Conclusie: geen non-conformiteit
3.21
Het voorgaande betekent dat de kantonrechter aan het beroep op non-conformiteit voorbijgaat en [gedaagden01] niet aansprakelijk zijn voor de gevorderde herstelkosten. Daarbij kan in het midden blijven of [eisers01] zich tijdig bij [gedaagden01] hebben beklaagd over de gestelde gebreken.
Beroep op dwaling
3.22
Aangezien het beroep op non-conformiteit niet slaagt, moet de kantonrechter nog wel beoordelen of het (meer subsidiaire) beroep van [eisers01] op dwaling alsnog leidt tot een betalingsverplichting van [gedaagden01] [eisers01] beogen met dit beroep (de gevolgen van de) koopovereenkomst zo te wijzigen dat de koopprijs wordt verminderd met de herstelkosten van de gestelde (verborgen) gebreken.
3.23
De vordering van [eisers01] kan echter ook niet op deze grond worden toegewezen. De kantonrechter legt uit waarom.
3.24
Alleen als [eisers01] op grond van dwaling bevoegd zijn tot vernietiging van de koopovereenkomst kan de rechter – in plaats daarvan – de gevolgen van de overeenkomst wijzigen ter opheffing van geleden nadeel (art. 6:230 lid 2 BW). [eisers01] verwijten [gedaagden01] samengevat dat zij bekend waren met de gestelde gebreken en daarover onjuiste inlichtingen hebben verstrekt of informatie hebben achtergehouden. [eisers01] doen daarmee een beroep op de dwalingsgronden als bedoeld in artikel 6:228 lid 1 sub a en b BW.
3.25
Deze dwalingsgronden gaan niet op als niet vaststaat dat de gestelde gebreken tijdens het sluiten van de koopovereenkomst bestonden en [gedaagden01] daarmee op dat moment bekend waren.

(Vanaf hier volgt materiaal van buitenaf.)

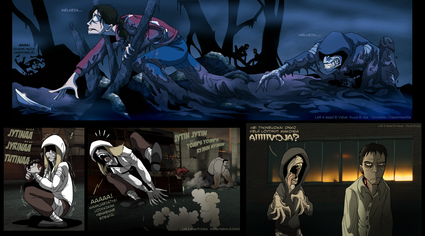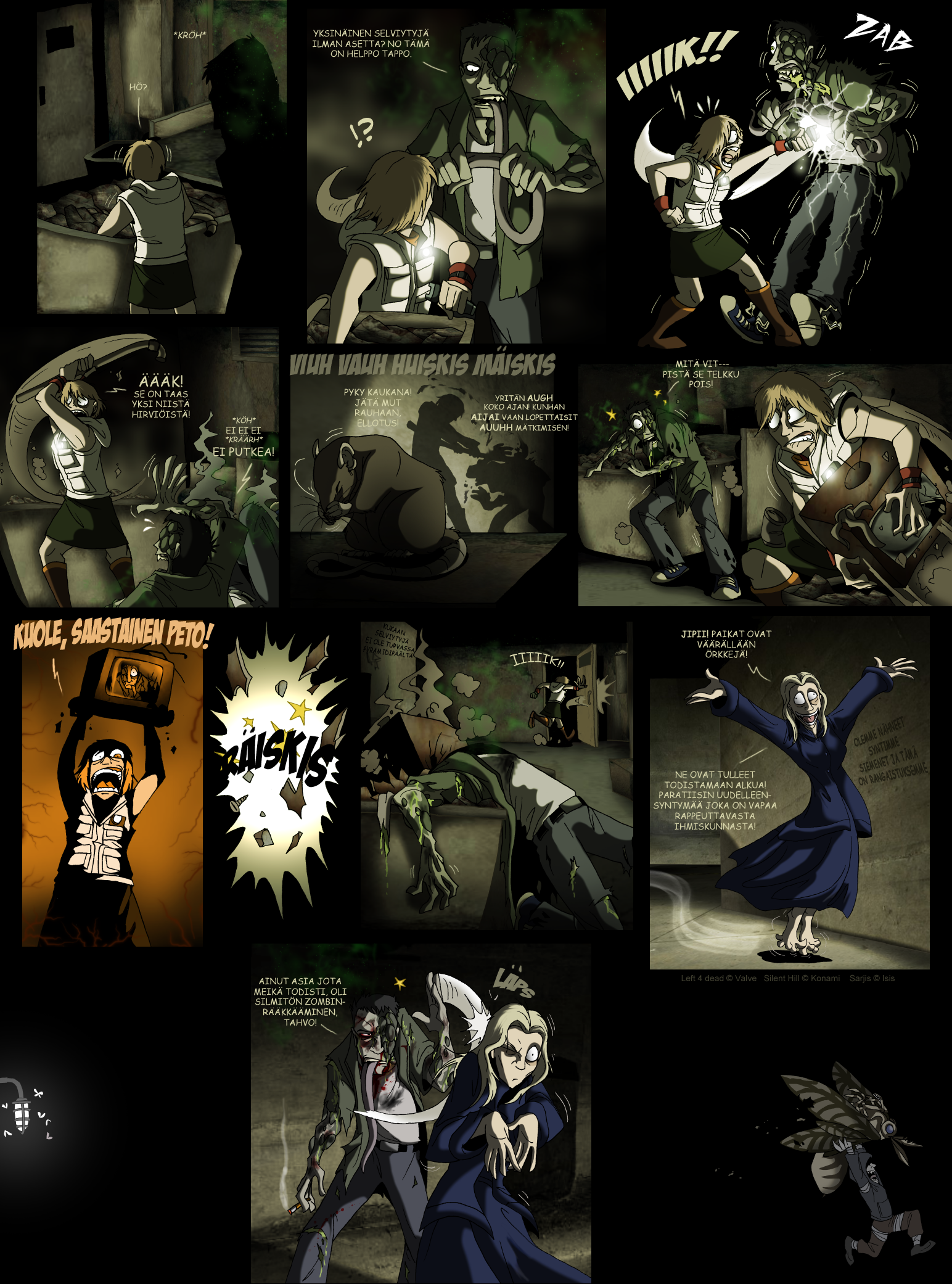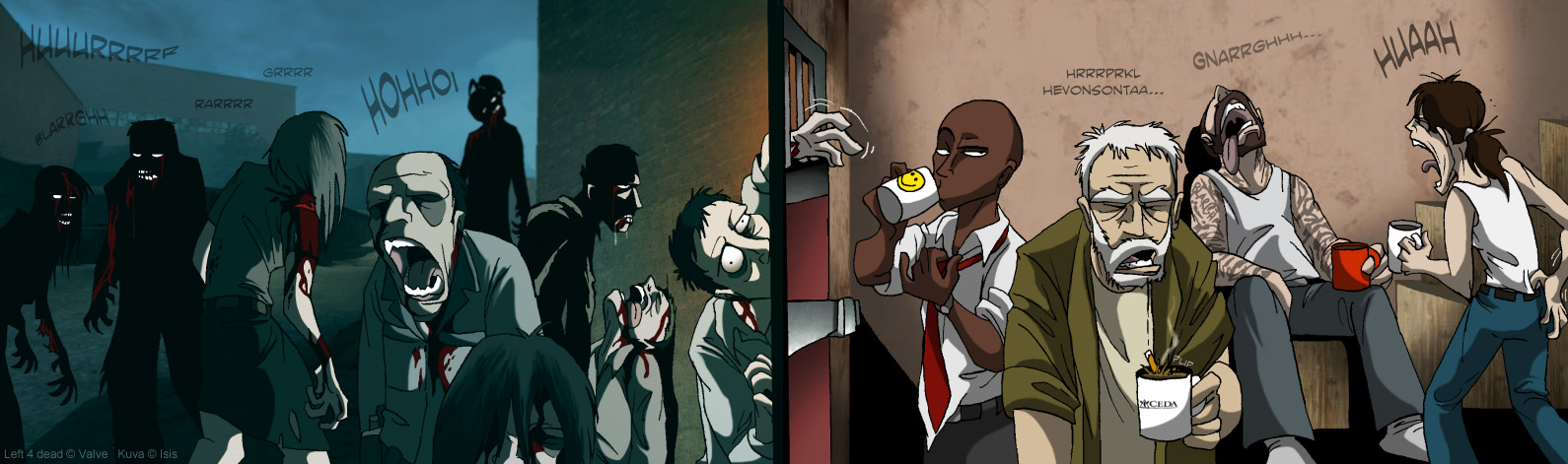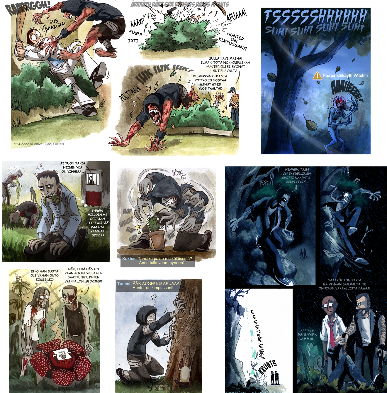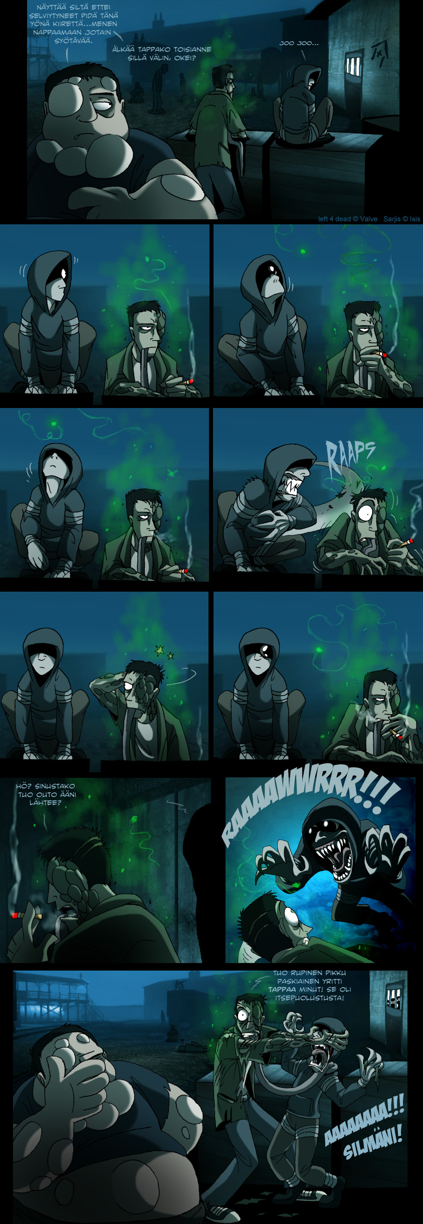 Näiden pilasarjakuvien aiheena on Valven julkaisema Left 4 Dead, ensimmäisen persoonan ammunta- ja selviytymiskauhupeli. Pelissä on 2 vastakkaista tiimiä, ihmis-selviytyjät ja zombimaiset saastuneet. Sarjakuvissa on paljon väkivaltaa ja kiroilua.

Een beroep op dwaling gaat ook niet op als [eisers01] ter zake hebben afgezien van onderzoek dat redelijkerwijze van hen gevergd kon worden.
3.26
Hiervoor oordeelde de kantonrechter al dat [eisers01] onvoldoende hebben onderbouwd dat het sunscreen en de douchekraan ten tijde van de eigendomsoverdracht gebrekkig waren (r.o. 3.14-3.15) en [eisers01] ten onrechte geen onderzoek hebben laten verrichten naar het zonnescherm (r.o. 3.12)). Alleen daarom kan het beroep op dwaling al niet slagen.
3.27
Los daarvan betwisten [gedaagden01] gemotiveerd dat zij ten tijde van de verkoop van de gestelde gebreken op de hoogte waren. Aangezien [eisers01] zich op dwaling beroepen, lag het op hun weg met (voldoende) concrete feiten en omstandigheden aan te kleden waarom [gedaagden01] afwisten van de gestelde gebreken. Die aankleding ontbreekt. Hun algemene opvatting dat zij het ongeloofwaardig vinden dat [gedaagden01] niet met de gestelde gebreken bekend waren, geven [eisers01] geen of te weinig feitelijke onderbouwing.
3.28
Kortom, de kantonrechter gaat ook aan het beroep op dwaling voorbij.
Conclusie
3.29
De kantonrechter concludeert dat [gedaagden01] linksom of rechtsom geen herstelkosten aan [eisers01] hoeven te betalen. Dat betekent ook dat [eisers01] geen recht hebben op vergoeding van buitengerechtelijke kosten.
Proceskosten
3.3
Omdat de kantonrechter [eisers01] ongelijk geeft, moeten zij de proceskosten van [gedaagden01] vergoeden. Omdat [gedaagden01] in persoon procederen, stelt de kantonrechter de proceskosten tot aan dit vonnis vast op €50,- aan reis-, verblijf- en verletkosten (art. 238 lid 1 Rv)

4.De beslissing

De kantonrechter,
4.1
wijst de vorderingen van [eisers01] af;
4.2
veroordeelt [eisers01] in de proceskosten van [gedaagden01] , tot aan dit vonnis vastgesteld op €50,-.
Dit vonnis is gewezen door mr. De Vlieger en in het openbaar uitgesproken op 27 september 2023.